# Work task
Every line from the one containing "The Refund feature" to the one containing "The use of the" in the records below, both included, must be set down exactly, and no other line.

*** Opening Dataset excerpts ***

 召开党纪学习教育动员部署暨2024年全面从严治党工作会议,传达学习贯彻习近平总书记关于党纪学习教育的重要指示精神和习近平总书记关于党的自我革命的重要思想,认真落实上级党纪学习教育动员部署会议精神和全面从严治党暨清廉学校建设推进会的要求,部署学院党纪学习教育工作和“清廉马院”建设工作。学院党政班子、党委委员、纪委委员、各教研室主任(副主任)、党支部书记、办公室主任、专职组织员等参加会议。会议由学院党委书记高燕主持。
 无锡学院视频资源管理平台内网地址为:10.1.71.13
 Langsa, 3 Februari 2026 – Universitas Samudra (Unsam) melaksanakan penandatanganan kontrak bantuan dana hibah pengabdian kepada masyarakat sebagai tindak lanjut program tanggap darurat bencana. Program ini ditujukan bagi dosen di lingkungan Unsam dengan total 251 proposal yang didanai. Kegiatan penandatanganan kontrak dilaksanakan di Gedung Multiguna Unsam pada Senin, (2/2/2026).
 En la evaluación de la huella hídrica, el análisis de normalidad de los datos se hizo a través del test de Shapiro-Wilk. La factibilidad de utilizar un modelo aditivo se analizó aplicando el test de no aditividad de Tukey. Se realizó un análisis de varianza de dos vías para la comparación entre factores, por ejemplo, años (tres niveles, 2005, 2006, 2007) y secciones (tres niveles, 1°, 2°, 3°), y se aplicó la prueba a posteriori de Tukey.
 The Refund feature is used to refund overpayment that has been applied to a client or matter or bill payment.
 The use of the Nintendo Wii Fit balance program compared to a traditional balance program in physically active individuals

*** Closing Dataset excerpts ***
*** Opening Dataset excerpts ***

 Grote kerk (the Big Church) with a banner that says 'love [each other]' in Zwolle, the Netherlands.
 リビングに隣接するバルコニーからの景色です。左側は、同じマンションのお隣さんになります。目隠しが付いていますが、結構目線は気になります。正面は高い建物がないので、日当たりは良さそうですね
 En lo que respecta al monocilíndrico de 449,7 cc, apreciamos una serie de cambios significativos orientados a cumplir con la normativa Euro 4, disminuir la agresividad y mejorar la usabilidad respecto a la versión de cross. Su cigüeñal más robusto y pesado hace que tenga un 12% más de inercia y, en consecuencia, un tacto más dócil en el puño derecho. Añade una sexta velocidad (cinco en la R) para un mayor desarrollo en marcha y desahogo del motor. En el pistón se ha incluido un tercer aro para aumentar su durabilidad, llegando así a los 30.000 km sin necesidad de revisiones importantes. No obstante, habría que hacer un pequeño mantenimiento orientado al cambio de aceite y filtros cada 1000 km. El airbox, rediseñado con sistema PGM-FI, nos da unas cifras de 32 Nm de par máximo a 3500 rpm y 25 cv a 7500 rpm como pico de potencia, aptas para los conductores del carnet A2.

*** Closing Dataset excerpts ***

# Task response
 The Refund feature is used to refund overpayment that has been applied to a client or matter or bill payment.
 The use of the Nintendo Wii Fit balance program compared to a traditional balance program in physically active individuals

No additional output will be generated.